Exercise requirements >> Would you repeat each line below exactly, without the pictures?

The input >>
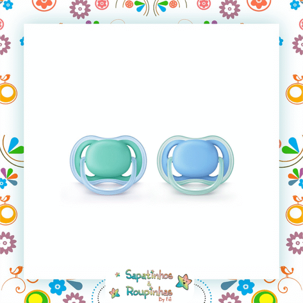 Chupetas Ultra Air Azul e Verde (Dupla) 6-18M Uma chupeta leve e com aberturas de ar para a pele sensível do bebê. Grandes aberturas para permitir que a pele do bebê respire.
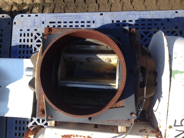 10" Square x 22" Ht. Sprout Waldron Rotary Air Lock Valve/Feeder. Stainless Steel. One end has 10" round adapter. 1 HP, 230/460 volt, Reliance drive into gear reducer.
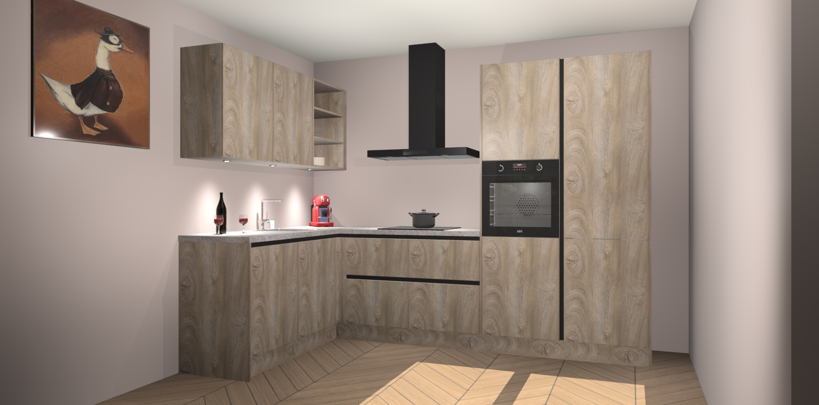 De Cantaro Eiken greeploze keuken Cognac is een adembenemend ontwerp met een modern en tijdloos uiterlijk. Deze luxe keuken straalt echt aristocratisch uit, waardoor uw koken plezieriger zal worden! Het prachtige design begint bij de hoekkeuken, wat perfect past bij elk type interieur. Bovendien bevat deze hoogwaardige set vijf inbouwapparaten - van oven tot koelkast - die via bestelling naar AEG geüpgraded kunnen worden!
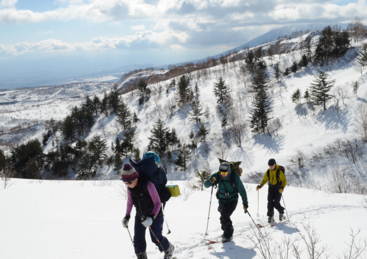 - バックカントリーでハイクアップとスキー滑走
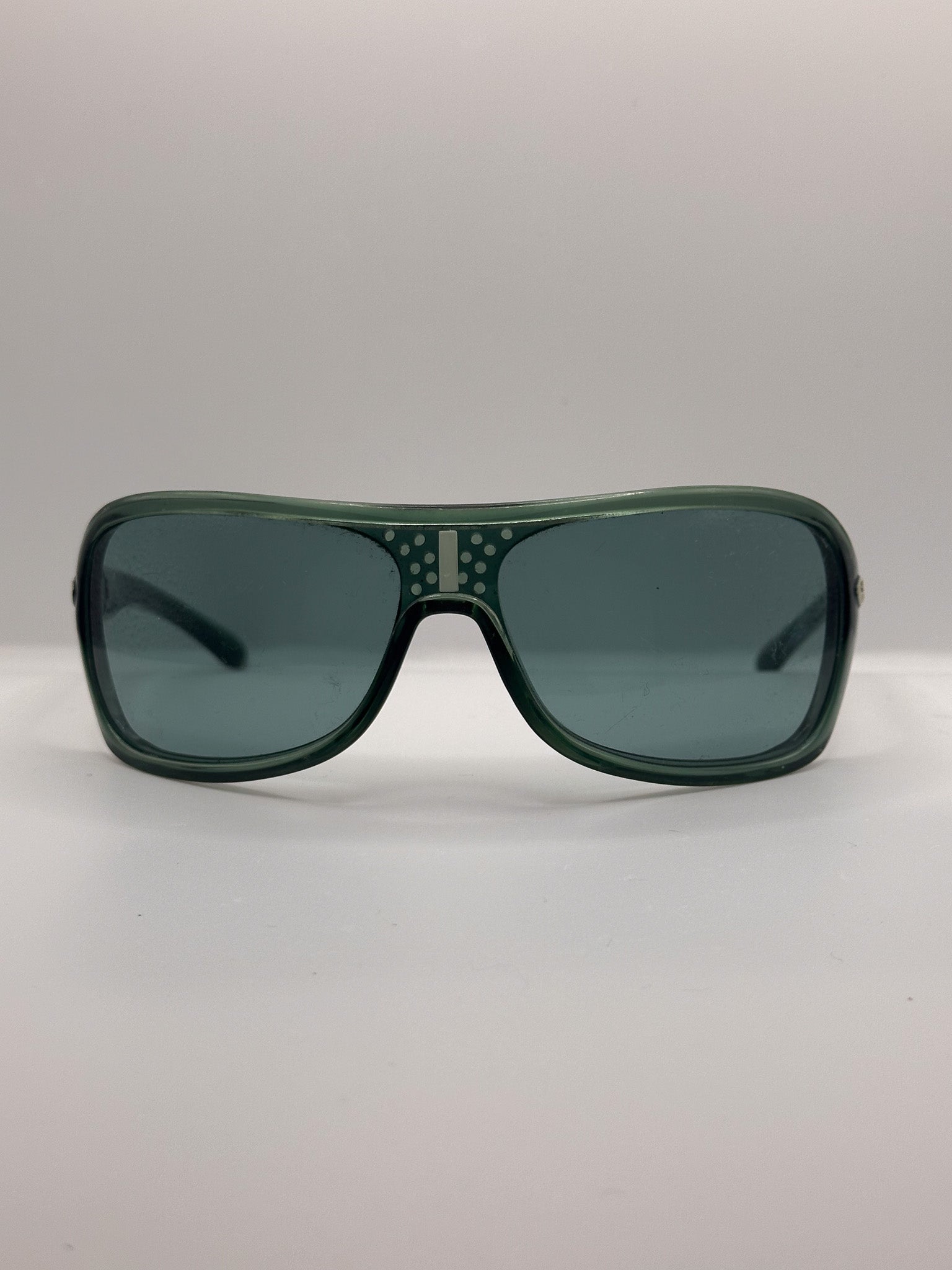 Green, wrap-around frame. Made in Italy, 1990s. Original monochrome lenses.

Result below >>
 Chupetas Ultra Air Azul e Verde (Dupla) 6-18M Uma chupeta leve e com aberturas de ar para a pele sensível do bebê. Grandes aberturas para permitir que a pele do bebê respire.
 10" Square x 22" Ht. Sprout Waldron Rotary Air Lock Valve/Feeder. Stainless Steel. One end has 10" round adapter. 1 HP, 230/460 volt, Reliance drive into gear reducer.
 De Cantaro Eiken greeploze keuken Cognac is een adembenemend ontwerp met een modern en tijdloos uiterlijk. Deze luxe keuken straalt echt aristocratisch uit, waardoor uw koken plezieriger zal worden! Het prachtige design begint bij de hoekkeuken, wat perfect past bij elk type interieur. Bovendien bevat deze hoogwaardige set vijf inbouwapparaten - van oven tot koelkast - die via bestelling naar AEG geüpgraded kunnen worden!
 - バックカントリーでハイクアップとスキー滑走
 Green, wrap-around frame. Made in Italy, 1990s. Original monochrome lenses.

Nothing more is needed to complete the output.